Tue Sep 28 10:54:41 CEST 2010

Ah, I see the problem now, and can reproduce Tomaz's problem if I run cqp without "-e" (something one should _never_ do, of course ;-).  With command-line editing enabled, the newline is stripped before each command is passed to CQP.

In my book, cl_string_validate_encoding() should only be called on "object" strings and regular expressions passed to the CL, not on complete queries and input lines.

I recall adding the TAB-exception to INVALID_CTRL specifically so we could run it on the full input lines in cwb-encode, so I'm clearly not true to myself.  However, I don't think I had problems with the -C option like those reported by Peter, so perhaps his files have Windows line endings that don't get stripped properly on a Unix platform?

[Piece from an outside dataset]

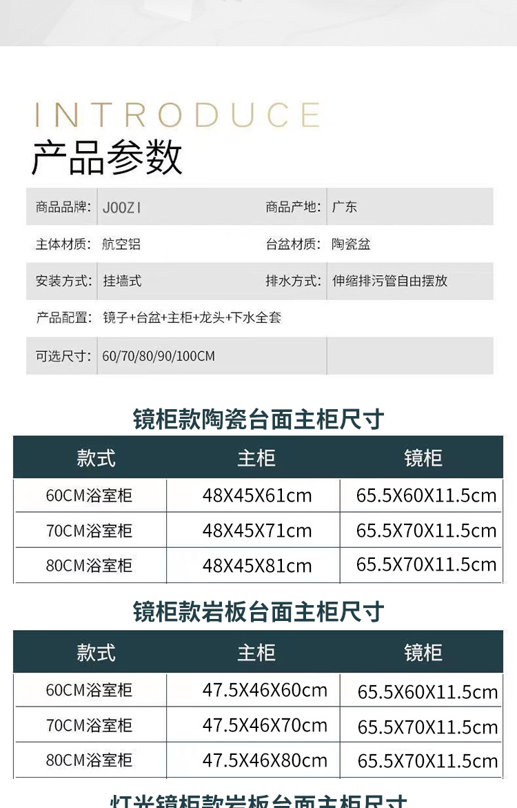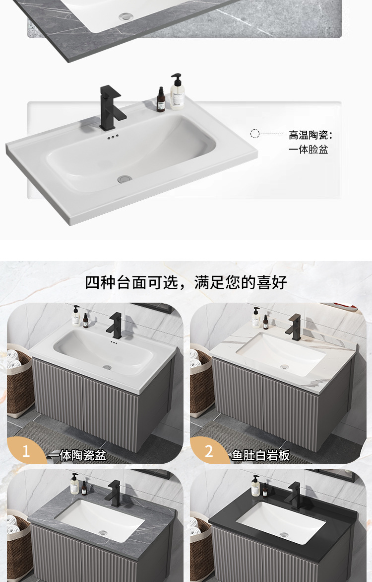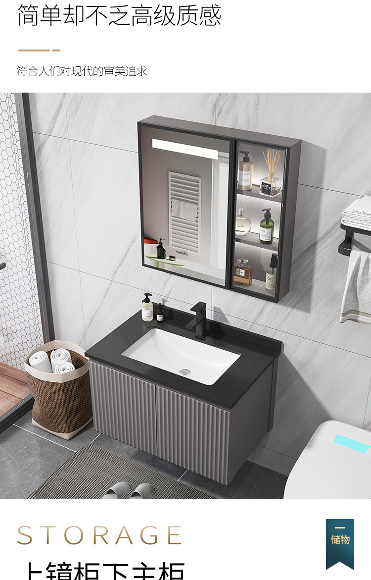 - 70CM rock plate basin + fully sealed mirror cabinet

The easy solution is to make INVALID_CTRL more lenient so that it allows CR and LF characters as well -- that should cover everything that's allowed to pop up in CQP queries, right?

I think it would still be better to do the validation only for those strings that are actually used by CL functions.  I'm a little bit queasy about the use of QueryBuffer -- IIRC, that's a bad hack I designed for my macro expansion technique, and I've never been confident that the whole thing works correctly :-).

One negative side-effect is that filenames read and written from within CQP must be in the current corpus encoding.  If anything, we should force people to use ASCII filenames, but not e.g. Latin1 on a Mac OS X computer.  Any chance of improving the validation method in the mid to long run, or is that just too complicated?

@Tomaz: If you get these error messages, that means your corpus encoding is not properly declared as "utf8", but rather as "latin1" (which may be implicitly set for an undeclared encoding?). Can you check your registry file or the output of CQP's "info" command?  Did you automatically generate the makefile with cwb-encode's -R option?  This is very much recommended to ensure consistency of the charset declaration.

Cheers,
Stefan

On 28 Sep 2010, at 10:18, Hardie, Andrew wrote:

> @Stefan - it's probably the INVALID_CTRL macro in special-chars. It
> treats anything under 0x20 as invalid, which I think you put in because
> you can't have \n or \r in CWB tokens. 
> 
> #define INVALID_CTRL(c) (c < 0x20 && c != 0x09)
> 
> BUT when that same function is used to validate query strings it will
> fail - they have a \n on the end because the user just pressed ENTER. I
> *think* that's it, anyway. The parser code is a source of immense and
> continuing mysrtery to me.
> 
> (Also, I believe I made cwb-encode run the validation check on entire
> input lines, not on individual tokens - so that may also now be a bug if
> the line break is not trimmed off before that happens.)